Collected data:
--- --- ---
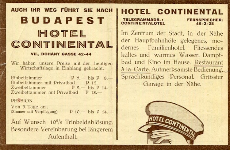 Hungary Budapest Hotel Continental Leaflet 1933 Back
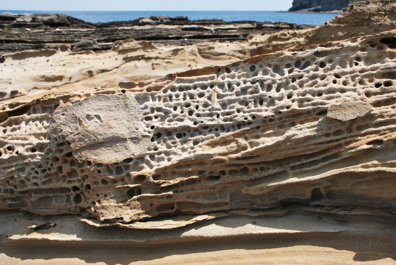 このバス停の奥が砂岩で出来た奇岩郡がある場所で、岩が波や風で削られた形はまるで自然の芸術。
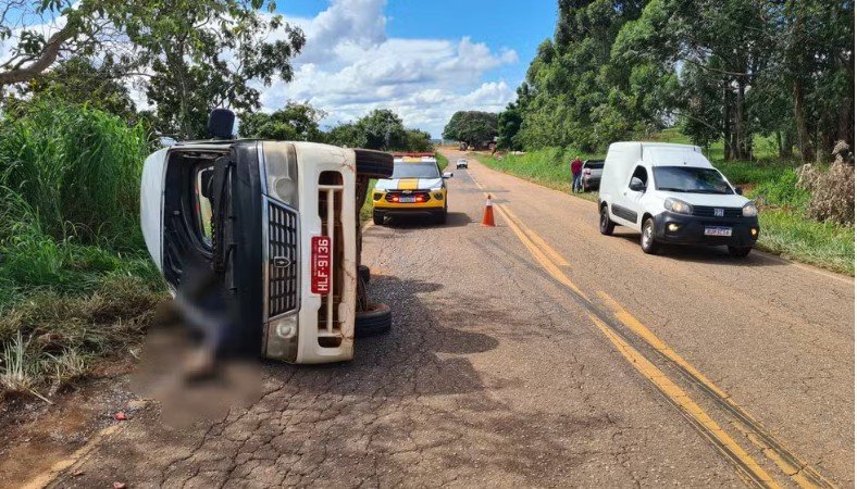 Uma van escolar tombou na MG-188 próximo à Coromandel na tarde desta segunda-feira (4). O motorista do veículo morreu no local e dois estudantes ficaram feridos.
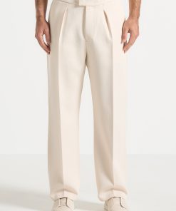 Manière De Voir Men’s Best Sellers Dorian – Relaxed Fit Twill Pleated Tailored Trousers – Cream | Cream
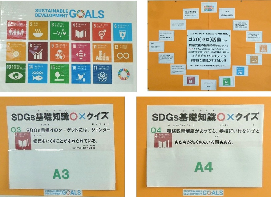 校内随所にSDGsに関する掲示物を掲示しています。日常の学校生活において生徒がSDGsに興味を持ち、17のゴールに向けて自分にできることを考えられるように、環境づくりを進めています。
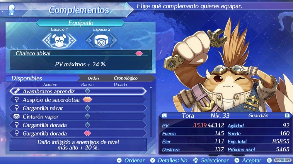 Por otro lado, tenemos alforjas para cada personaje donde equipar objetos que mejorarán ciertas estadísticas de forma temporal separados en diversas categorías; alimentos básicos, bebidas, postres, juegos de mesa, literatura… la gracia del asunto está en que cada elemento podría ser el favorito de un piloto o Blade, tendrás que ir probando para encontrar cuáles son, y desbloquear con ello nuevas características o poderes en su árbol de habilidades o afinigrama, uno de los elementos más importantes del juego que podrían limitar tu avance al no haber desbloqueado las competencias necesarias para poder continuar.
--- --- ---
EXERCISE DESCRIPTION:
Copy each record exactly. Leave any images out of the copy.

WRITTEN REPLY:
 Hungary Budapest Hotel Continental Leaflet 1933 Back
 このバス停の奥が砂岩で出来た奇岩郡がある場所で、岩が波や風で削られた形はまるで自然の芸術。
 Uma van escolar tombou na MG-188 próximo à Coromandel na tarde desta segunda-feira (4). O motorista do veículo morreu no local e dois estudantes ficaram feridos.
 Manière De Voir Men’s Best Sellers Dorian – Relaxed Fit Twill Pleated Tailored Trousers – Cream | Cream
 校内随所にSDGsに関する掲示物を掲示しています。日常の学校生活において生徒がSDGsに興味を持ち、17のゴールに向けて自分にできることを考えられるように、環境づくりを進めています。
 Por otro lado, tenemos alforjas para cada personaje donde equipar objetos que mejorarán ciertas estadísticas de forma temporal separados en diversas categorías; alimentos básicos, bebidas, postres, juegos de mesa, literatura… la gracia del asunto está en que cada elemento podría ser el favorito de un piloto o Blade, tendrás que ir probando para encontrar cuáles son, y desbloquear con ello nuevas características o poderes en su árbol de habilidades o afinigrama, uno de los elementos más importantes del juego que podrían limitar tu avance al no haber desbloqueado las competencias necesarias para poder continuar.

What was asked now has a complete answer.